Updated

Suspected communist guerrillas have killed four unarmed, off-duty soldiers in the southern Philippines in the latest flare-up of the 43-year insurgency, military officials said Monday.

At least 10 suspected New People's Army guerrillas opened fire with M16 rifles on the soldiers in the rural outskirts of Davao city late Sunday afternoon, initially killing three soldiers, regional military spokeswoman Maj. Rosa Maria Cristina Manuel said.

The rebels dragged another soldier to a rice field and fatally shot him. Troops found his body on Monday, she said.

"Army soldiers were deployed to rescue him because we thought they would just hold him. But they apparently executed him in the field," Manuel told The Associated Press by telephone.
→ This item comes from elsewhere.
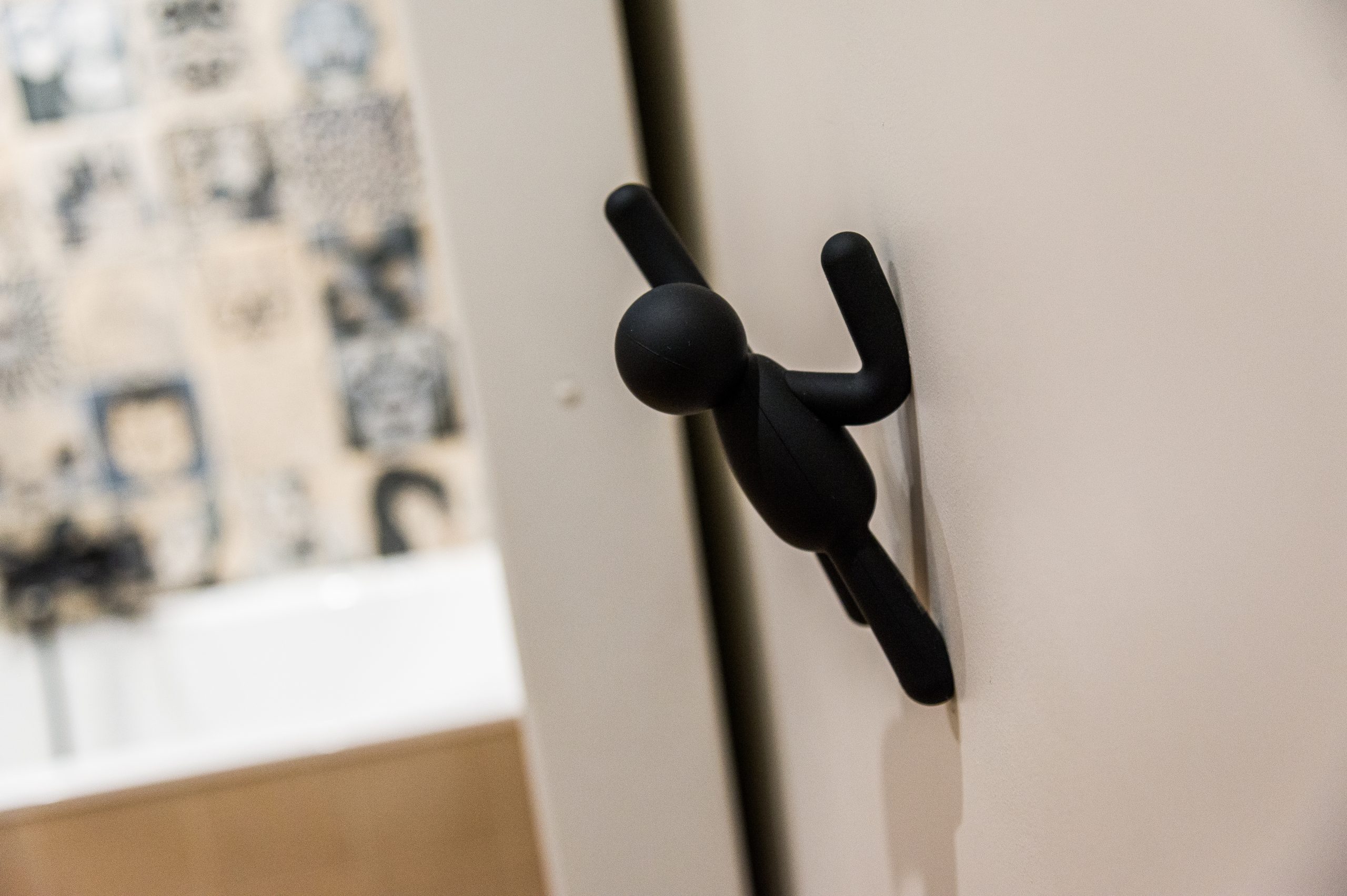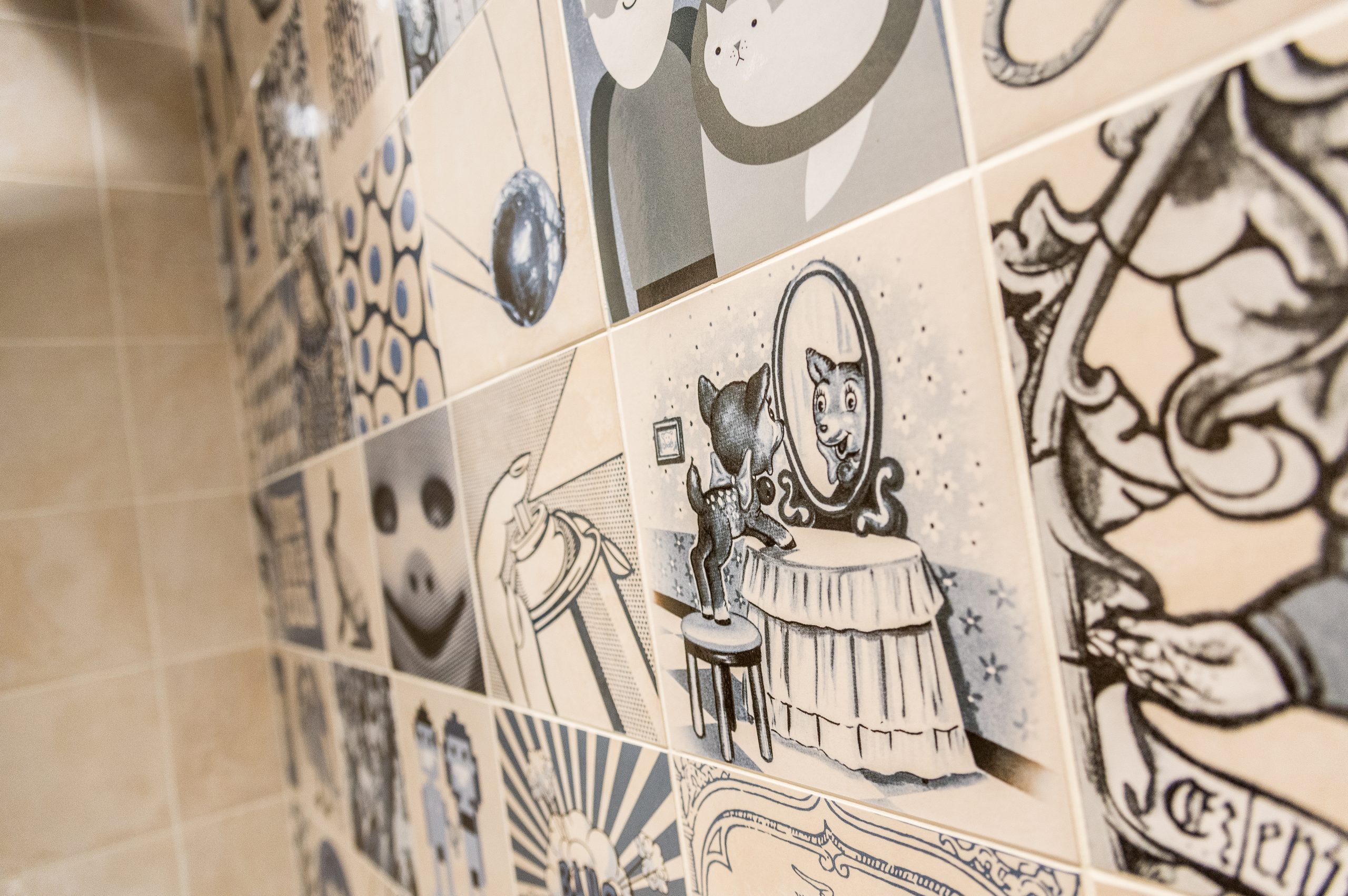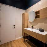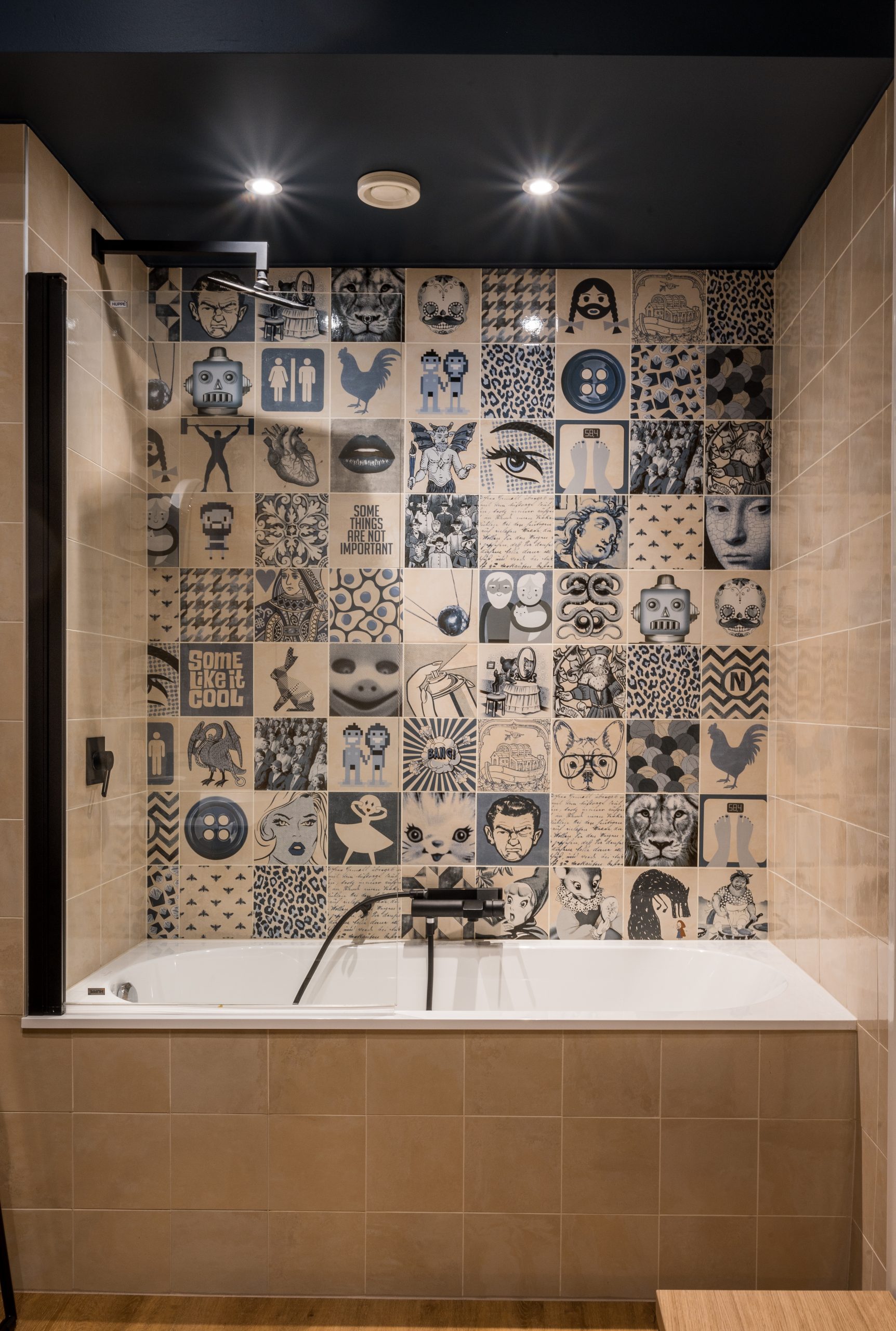 Ogni dettaglio, dal soffitto blu intenso alla rubinetteria nera opaca, è stato attentamente studiato per mettere in risalto le sfumature delle piastrelle e trasformare questo spazio in un vero e proprio bozzolo di ispirazione.

The soldiers were traveling on motorcycles on the way back to camp from a public market when they were attacked, she said.

The attack was staged in Davao city's Paquibato district in an impoverished region where the Maoist guerrillas have been most active and lethal in recent years.

Communist rebels lobbed a grenade toward an army detachment in Paquibato in September, but the explosive hit a protective net and bounced toward a nearby crowd of villagers watching a circus performance, wounding 48 people. The rebels apologized and compensated the victims.

The four decade Marxist rebellion, one of Asia's longest-running, has left more than 120,000 people dead and held back progress in poverty-wracked rural regions in the country.

The military says the rebels' ranks have thinned to about 4,000 from more than 25,000 in the mid-1980s because of battle setbacks, surrenders and factionalism.